Elric maju ke tengah pertempuran, hatinya berdebar, sementara kekuatan Aetheria Sylvanis dan Festival Of Blood bersatu dalam dirinya. Di sekelilingnya, kekacauan masih berlangsung; suara clanking senjata dan teriakan prajurit menggema di telinganya. Namun, fokusnya kini hanya pada satu tujuan, yaitu Althea.
Althea berdiri dengan angkuh, mata ungu terang berkilauan, dan sihir berkobar di sekelilingnya. “Elric, pewaris yang tidak diinginkan! Akhirmu sudah dekat!” teriaknya, lalu mengangkat tangannya untuk memanggil sihir api. Seberkas energi merah menyala di ujung jarinya, siap diluncurkan.
“Tidak akan terjadi!” jawab Elric dengan tegas, mengumpulkan energi dalam dirinya. Dengan cepat, dia menggerakkan tangannya untuk menciptakan dinding tanah sebagai perlindungan. Saat sihir api Althea meluncur ke arahnya, dinding tersebut menyerap ledakan itu, dan tanah di sekitarnya bergetar.
“Aku sudah menunggu momen ini, Elric!” Althea berseru, merasakan kekuatan yang mengalir dari dalam diri Elric. “Kekuatanmu tidak ada artinya di hadapanku! Aku adalah penyihir terkuat Eldoria!”
“Dan aku adalah pewaris Aetheria Sylvanis!” jawab Elric, dorongan semangat mengalir di dalam jiwanya. “Aku tidak akan membiarkanmu mengendalikan takdirku!”
Dengan kata-kata itu, Elric melesat maju, menggunakan sihir penguatan fisik yang telah dia kuasai. Tubuhnya terasa ringan dan cepat, membuatnya meluncur menuju Althea. Elric mengayunkan tangannya, menciptakan akar-akar raksasa dari tanah yang menghujani Althea. Namun, penyihir itu siap.
Althea mengangkat tangannya, dan seberkas cahaya hijau muncul di sekitar dirinya, menciptakan perisai.
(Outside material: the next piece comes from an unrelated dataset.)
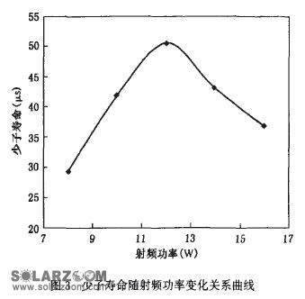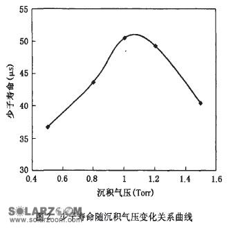 从图2可以看出,少子寿命随沉积气压的增加呈现先增大后减小的趋势,这说明要想得到好的钝化效果,沉积气压必须适中。工作压强从较低值开始上升时,参与反应的气体增加,到达基片表面的反应产物增多,同时压强适当提高,反应室内的等离子体密度增大,反应气体中活性粒子增多,从而得到高沉积速率、高质量的非晶硅薄膜。

Akar-akar itu menabrak perisai dengan keras, tapi tidak mampu menembus. “Kau pikir itu cukup untuk mengalahkanku?” dia mengejek, lalu melepaskan serangan balasan dalam bentuk kilatan petir yang meluncur ke arah Elric.
Elric menyadari bahaya dan segera melompat ke samping, menghindari serangan itu dengan cepat.
“Kekuatan sihirmu tidak ada artinya jika kau tidak bisa mengendalikannya!” Althea menantang, semakin berani.
Sementara itu, di tempat lain, Rakka dan Ayla menghadapi Raja Elion, yang terlihat marah dan putus asa. “Apa yang kalian lakukan di sini?” teriak Elion, tidak terima melihat dua lawan tangguhnya menghadang. “Mundur, atau kalian akan menyesal!”
Rakka menatap Elion dengan tajam. “Kami tidak akan mundur! Kami akan melindungi Sylvandor!” Dia mengayunkan pedangnya, mempersiapkan diri untuk bertarung.
Ayla berdiri di samping Rakka, siap melawan. “Elion, ini semua salahmu! Kami tidak akan membiarkanmu menghancurkan segalanya!”
Dengan teriakan penuh kemarahan, Elion meluncurkan serangan, menggunakan kekuatan sihir yang luar biasa. Namun, Rakka dan Ayla bersatu, mengandalkan kecepatan dan kecakapan bertarung mereka untuk menghindari serangan demi serangan yang dilancarkan oleh Elion.
Kembali ke pertarungan Elric, dia tidak mundur. Dia berusaha untuk mengalihkan perhatian Althea. “Kau tidak tahu apa yang sebenarnya kau hadapi!” serunya, lalu melancarkan kombinasi serangan menggunakan Gaia’s Wrath dan Flora’s Requiem.
Akar-akar besar muncul, melilit Althea, sementara Elric dengan gesit berputar, mengalirkan sihirnya ke dalam serangan. “Kau harus merasakan apa yang sebenarnya bisa dilakukan oleh pewaris Aetheria!” dia berteriak dengan semangat.